Monday, Jan. 05, 1953
The Big Change
The nation's expansion altered the face of the land so fast that anyone who had been away for as long as ten years would scarcely recognize his home town. Unlike the Government-financed expansion of World War II, virtually all new plants were paid for by private industry, with no other incentive than the right to write off most of the cost in five years instead of the usual 20. And though the arms program was responsible for the start of many of the plants, most of them, e.g., the great new steel, aluminum and chemical factories, were a net gain to the economy for civilian production.

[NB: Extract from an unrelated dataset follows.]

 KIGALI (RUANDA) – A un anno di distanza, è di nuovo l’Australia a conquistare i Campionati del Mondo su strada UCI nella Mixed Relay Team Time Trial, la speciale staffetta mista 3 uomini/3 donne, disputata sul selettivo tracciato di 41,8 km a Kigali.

"The fastest-growing little town in the country" became the cliche of the year. The population of Pomona, Calif, jumped from 38,000 to 42,300 in a year as aircraft plants (Lockheed and Northrop) rose among its walnut groves. Livonia, Mich, increased in size (from 17,000 to 25,000) as the result of Ford's $50 million tank plant, a new General Motors plant, and other industries which came in their wake.
In the Savannah River Valley, the $1.5 billion hydrogen-bomb plant caused Barnwell, S.C. to quintuple its population (from 2,500 to 13,000). A mobile city of 1,200 trailers sprang up almost overnight. In nearby Augusta, Ga., whose population shot from 71,040 to 150,000 in two years, it was easy to forget the plant's grim purpose in the flood of new jobs it brought. When White's Department Store hung out a Christmas sign, "Santa Claus Is Here!", Reporter Esther Young of the Augusta Chronicle cracked: "Why, everybody knows that Santa Claus is over at the H-bomb plant's pay windows."

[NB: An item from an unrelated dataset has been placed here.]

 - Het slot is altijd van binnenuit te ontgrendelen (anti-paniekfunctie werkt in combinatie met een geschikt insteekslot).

The South continued to boom. One of the nation's biggest chemical centers sprang up in Alabama's tiny farming hamlet of Mclntosh, lured by its abundant salt deposits. In Decatur, Ala., Monsanto Chemical and American Viscose began building $133 million plants for Chemstrand, their jointly owned subsidiary, to manufacture Acrilan. All the synthetics --notably the new fibers like Dacron, Orion, Dynel, etc.--were growing so fast that Australian sheepherders worried that they would lose their wool market, as the Japanese had lost their market for silk.

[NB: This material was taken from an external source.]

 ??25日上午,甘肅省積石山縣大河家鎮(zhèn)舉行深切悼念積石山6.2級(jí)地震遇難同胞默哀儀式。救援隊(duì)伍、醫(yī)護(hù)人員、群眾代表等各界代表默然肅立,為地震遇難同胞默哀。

The new petrochemical industry, based on the immense natural gas resources of the oilfields, seemed the fastest grower in 1952. In Texas, where new multimillion-dollar plants were no rarity, some Texans predicted that petrochemicals would outstrip oil as their biggest industry. But Texas and the Gulf Coast had no monopoly on petrochemicals; California was giving it a race, and in the Great Plains' great new oil province of the Williston Basin, North Dakotans were predicting that their own petrochemical industry would soon arise.